A Long Way Gone
What is war like through the eyes of a child soldier? How does one become a killer? How does one stop? Child soldiers have been profiled by journalists, and novelists have often struggled to imagine their lives.
In the more than fifty conflicts going on worldwide, it is estimated there are now some 300,000 child soldiers.
A few months ago 4th Estate’s Editorial Director, Mitzi Angel, signed up the memoir of Ishmael Beah. She tells me that at the age of twelve, Beah fled attacking rebels in Sierra Leone and wandered a land rendered unrecognizable by violence. By thirteen, he’d been picked up by the government army when, for a number of circumstantial reasons, he found he was capable of ‘truly terrible acts’. Beah came to the United States when he was seventeen, and graduated from Oberlin College in 2003. He now lives in New York City and has addressed the UN on several occasions.
What must surely strike anyone who hears Baeh speak or reads his text is the humanity of someone who was once capable of commiting acts we’d quickly label ‘inhuman’.

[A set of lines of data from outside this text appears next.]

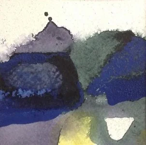 Little Landscape 1. Mixed media Aquacryl and Inkt. 12 -12.on paper. Passepartout total 28 cm.
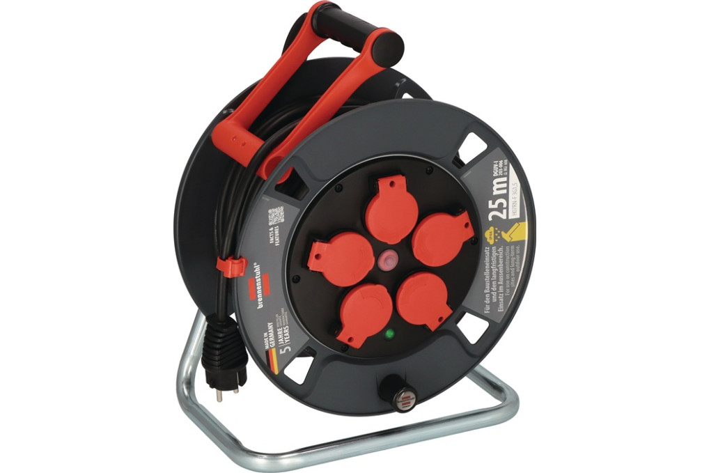 Kabeltrommel 300 KU 2100 25m Gummi-Neopren 3x1,5mm² 300mm 5 Ku.IP44 BRENNENSTUHLaus Kunststoff · spritzwassergeschützt · eignet sich ideal für den Baustelleneinsatz und den Einsatz im Freien · innovativer Tragegriff ″cablepilot″ für die perfekte Kabelführung · pendelt auf beiden Seiten und ermöglicht bequemes Tragen und Aufhängen · mit Drehgriff für komfortables Aufrollen· mit 5 spritzwassergeschützten Schutzkontakt-Steckdosen · Kontroll-Leuchte bei Überhitzung und Überlastung und einer optischen Bereitschaftsanzeige im Steckdoseneinsatz · mit Trommelbremse · Leistung aufgerollter Zustand 230V: 1000W Leistung abgerollter Zustand 230V: 3300W · Schutzart IP44 Gummikabel H07RN-F 3G1,5 RN-Kabel ist zugelassen für erschwerte Baubedingungen nach VDE 0100 Teil 704 Betriebsmittel der Kategorie 2 (K2 DGUV 203-005): Einsatz für den rauen Betrieb mit hohen mechanischen, physikalischen und chemischen Einwirkungen M Weitere technische Eigenschaften: · prüfpflichtig: ja · Adernzahl: 3 · Anschlusstechnik: Schraub-/Lüsterklemme · Anwendung: Gewerbe/ Baustelle · Anzahl der Schutzkontakt-Steckdosen: 5 · Einsatzbereich: Außen · Gehäusefarbe: grau · Grundfarbe: grau · Hammerzeichen: Ja · Kabelbezeichnung: H07RN-F 3G1,5 · Kabeleinführung ins Gehäuse: Knickschutztülle · Leistung abgerollter Zustand 230V: 3300W · Leistung aufgerollter Zustand 230V: 1000W · Material des Tragegriffes: Kunststoff · Mit Arretierung: Ja · Mit Bereitschaftsanzeige: Ja · Mit CABLEPILOT: Ja · Mit Drehgriff: Ja · Mit Gestell: Ja · Mit Klappdeckel/ Deckel: Ja · Mit Kontroll-Leuchte: Ja · Mit Stecker: Ja · Mit Steckergarage: Ja · Mit Tragegriff: Ja · Mit Überhitzungsschutz: Ja · Schutzklasse: II · Schutzleiter: G · Steckerart: Gerader Stecker · Stecksystem Steckdose: F · Stecksystem Stecker: E+F · Vorschrift/ Norm: BGI 608
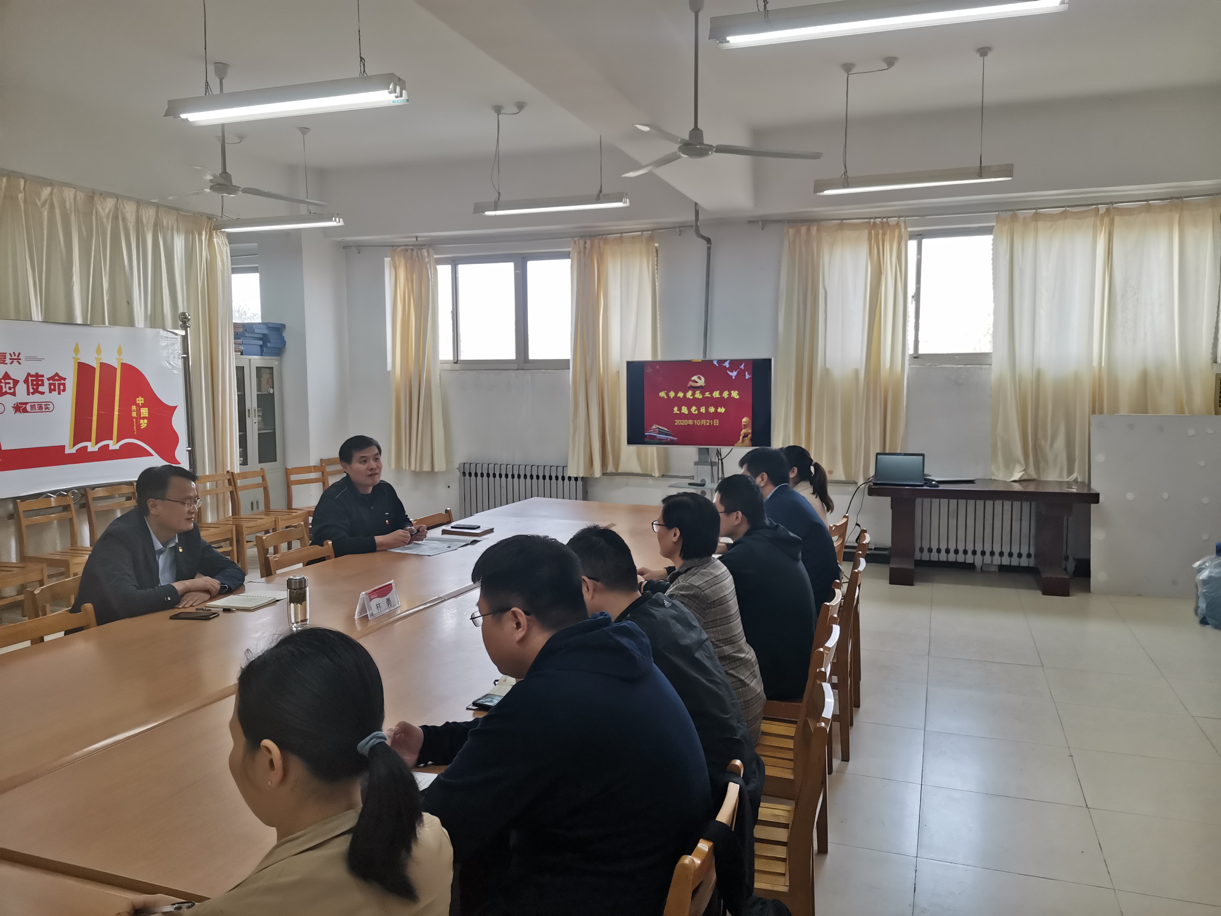 2020年10月21日下午2点,beat365教工第一党支部在理工楼2321会议室开展了主题党日学习活动,集中学习习近平在中央党校(国家行政beat365)中青年干部培训班开班式上发表的重要讲话以及习近平总书记在教育文化卫生体育领域专家代表座谈会上的讲话。城建beat365党总支副书记徐海波主持会议,校党委委员、统战部部长林勇参加会议。

Five years ago, after reading a tranche of books on Nazi Germany, I searched quite hard for a book that didn’t treat the landmark events of the 20th century as narrative history so much as analysis into the pyschological make-up and circumstances that create mankind’s often-catastrophic story. An answer to the ‘Why’ as much as the ‘What’ and ‘When’, if you like.
The closest I found at that time was a profoundly well-written and necessary book, Humanity by Jonathan Glover (Pimlico), which is still in print. You can read the first chapter of that book here, care of the New York Times.
Meanwhile, I think Ishmael Baeh’s book, A Long Way Gone, promises to be a different but equally valid attempt at such an answer, told from a literary and personal perspective. We’ll publish in May 2007.